People inspect the damage at the site of an overnight Israeli airstrike that targeted Beirut's southern suburbs on October 25, 2024, amid the ongoing war between Israel and Hezbollah. (Photo by AFP)
People inspect the damage at the site of an overnight Israeli airstrike that targeted Beirut's southern suburbs on October 25, 2024, amid the ongoing war between Israel and Hezbollah. (Photo by AFP)

Lebanon has been placed on the so-called "grey list" of countries under special scrutiny by financial crime watchdog FATF, FATF said on Friday.

"Of course we recognize the extreme, grave situation that Lebanon is currently facing," Elisa de Anda Madrazo, the watchdog's president, told journalist.

"Lebanon's status on the grey list should not impede relief efforts ... We are working to make sure that channels of humanitarian aid remain open," she added.

Lebanon has been in a financial crisis since 2019 that has been left to fester by the country's leaders and now faces growing damage from Israeli airstrikes and ground operations against Hezbollah.

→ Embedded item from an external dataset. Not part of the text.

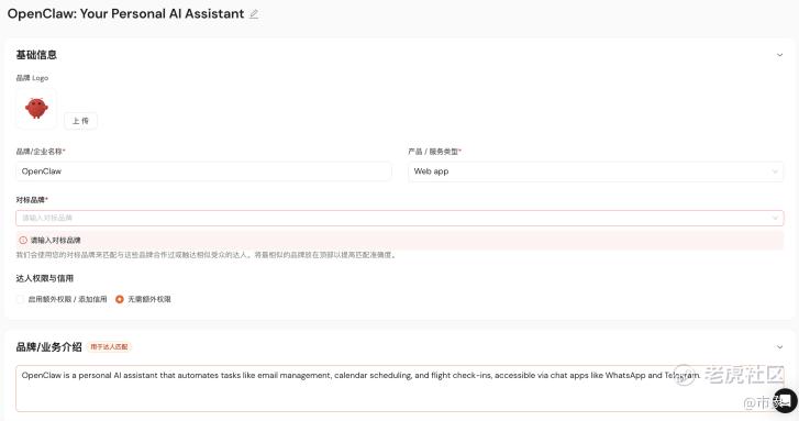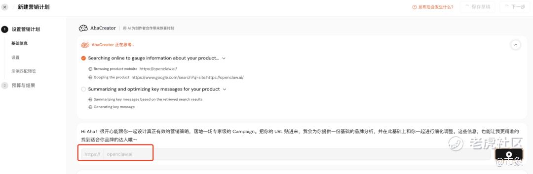 而在AhaCreator平台,品牌负担大幅减轻。只需在Campaign创建环节提交产品链接。AI 就会先根据你提交的链接,分析识别出你的竞品、卖点、受众人群是什么( 内容支持品牌增删改)。 而这些内容又会用于后续达人的精准匹配,进一步检索真正适合推进合作的强相关达人。

Madrazo said Lebanon had been accorded some flexibility regarding deadlines set in its action plan, but did not provide details at the news conference.

A source told Reuters earlier on Friday that the war had led the FATF to give Lebanon until 2026 instead of 2025 to address the issues that led to its grey-listing, including concerns over terrorism financing and a lack of judicial independence.

The grey-listing is likely to further deter investment in Lebanon and could affect the relationship between some Lebanese banks and the global financial system.